[Records from a data source]

BEGIN

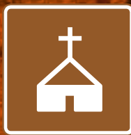
Iglesia Iglesia del Quinche
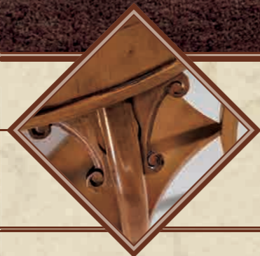
ART. 8629 SPECCHIERA OVALE L 78 • H 109 CM
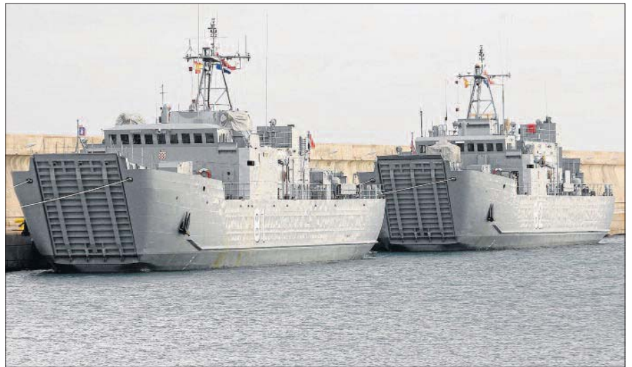
Barcos croatas atracados ayer en Sagunt.

Estos no son los únicos movimientos militares previstos próximamente en Sagunt. Después de
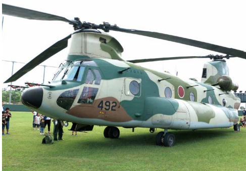
自衛隊ヘリコプターを間近で見学

復旧活動に携わる自衛隊や消防団の皆さんから、直接話を聞くことができたことで、災害や防災について考える良ききっかけになったと思います。
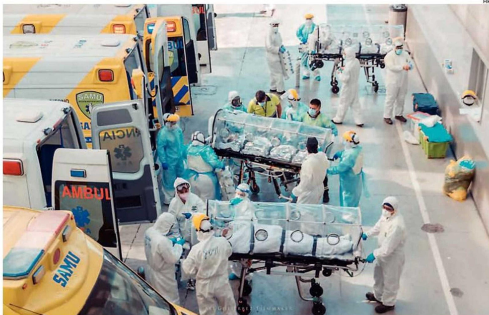
FUERON TRASLADADOS 5 PACIENTES DEL HOSPITAL REGIONAL HASTA LA REGIÓN METROPOLITANA.
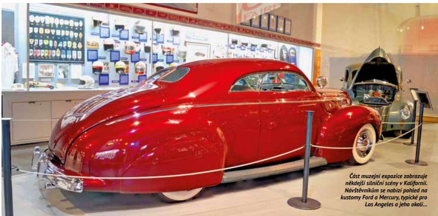
Část muzejní expozice zobrazuje někdejší silniční scény v Kalifornii. Návštěvníkům se nabízí pohled na kustomy Ford a Mercury, typické pro Los Angeles a jeho okolí...
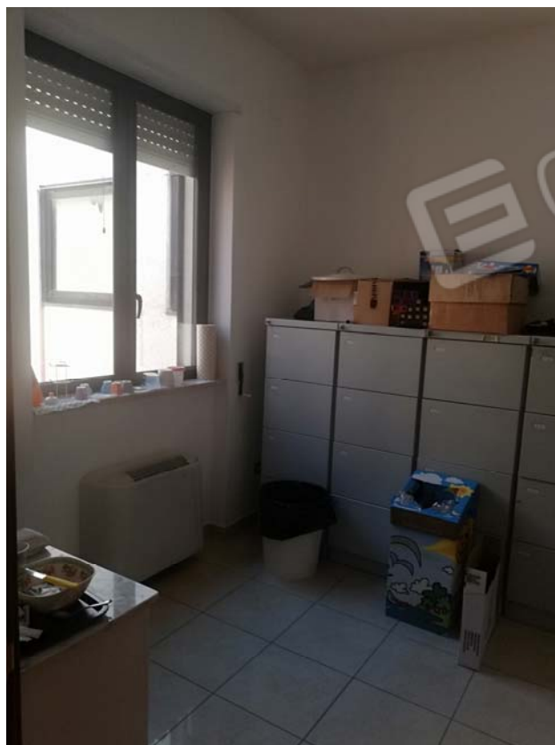
Stanza sub 2
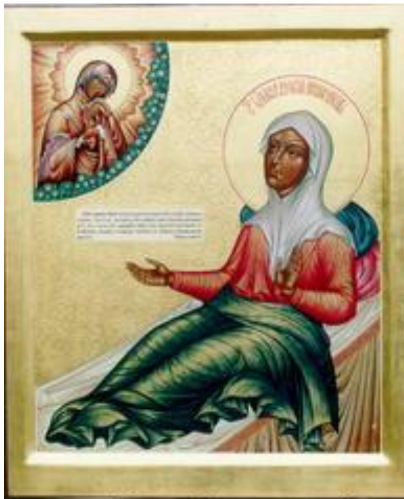
Блаженная Матрона Анемнясевская. Икона.
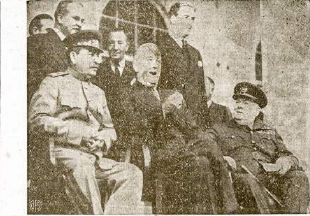
Stalinas, Rooseveltas, Churchillis, su savo pagalbininkais, šiuo tarpu laiko konferencijai, sakoma, Soči mieste, Kaukaze, Sovietų Sąjungoje. Ką jie svarsto, apie tai einą visokių speilijimų, tačiau tikrai niekas nežino. Pati konferencijos vieta taip jau spėjimams.

Amerikos pirmoji armija stengiasis dasigauti iki Reino.
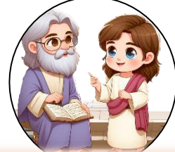
Nakinig at nagtanong sa guro

5. Patungkol kanino ang itinaturo ng mga guro sa Templo nang naroon si Jesus?
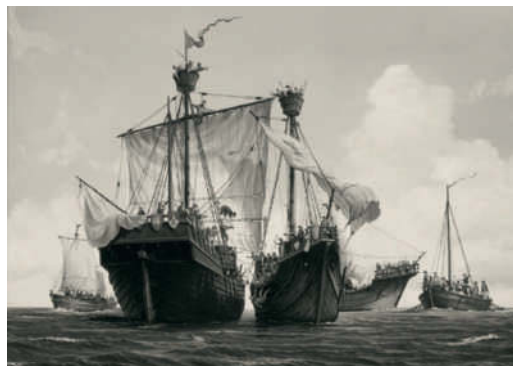
Seeschlacht vor Helgoland, bei der die Hanse 1401 den Pirat Klaus Störtebeker fängt

1335 Ein lange schwelender Konflikt über Steuerfragen zwischen dem Domkapitel und der Bürgerschaft von Hamburg führt zu gewaltsamen Ausschreitungen. Erst als die bislang steuerbefreiten Domherren einen Teil der Grundsteuer zahlen müssen, wird der Friede wieder hergestellt.

END

→ **REQUIREMENT**:
Copy each entry exactly, with no pictures.

→ **RESPONSE FOR THIS EXERCISE**:
Iglesia Iglesia del Quinche
ART. 8629 SPECCHIERA OVALE L 78 • H 109 CM
Barcos croatas atracados ayer en Sagunt.

Estos no son los únicos movimientos militares previstos próximamente en Sagunt. Después de
自衛隊ヘリコプターを間近で見学

復旧活動に携わる自衛隊や消防団の皆さんから、直接話を聞くことができたことで、災害や防災について考える良ききっかけになったと思います。
FUERON TRASLADADOS 5 PACIENTES DEL HOSPITAL REGIONAL HASTA LA REGIÓN METROPOLITANA.
Část muzejní expozice zobrazuje někdejší silniční scény v Kalifornii. Návštěvníkům se nabízí pohled na kustomy Ford a Mercury, typické pro Los Angeles a jeho okolí...
Stanza sub 2
Блаженная Матрона Анемнясевская. Икона.
Stalinas, Rooseveltas, Churchillis, su savo pagalbininkais, šiuo tarpu laiko konferencijai, sakoma, Soči mieste, Kaukaze, Sovietų Sąjungoje. Ką jie svarsto, apie tai einą visokių speilijimų, tačiau tikrai niekas nežino. Pati konferencijos vieta taip jau spėjimams.

Amerikos pirmoji armija stengiasis dasigauti iki Reino.
Nakinig at nagtanong sa guro

5. Patungkol kanino ang itinaturo ng mga guro sa Templo nang naroon si Jesus?
Seeschlacht vor Helgoland, bei der die Hanse 1401 den Pirat Klaus Störtebeker fängt

1335 Ein lange schwelender Konflikt über Steuerfragen zwischen dem Domkapitel und der Bürgerschaft von Hamburg führt zu gewaltsamen Ausschreitungen. Erst als die bislang steuerbefreiten Domherren einen Teil der Grundsteuer zahlen müssen, wird der Friede wieder hergestellt.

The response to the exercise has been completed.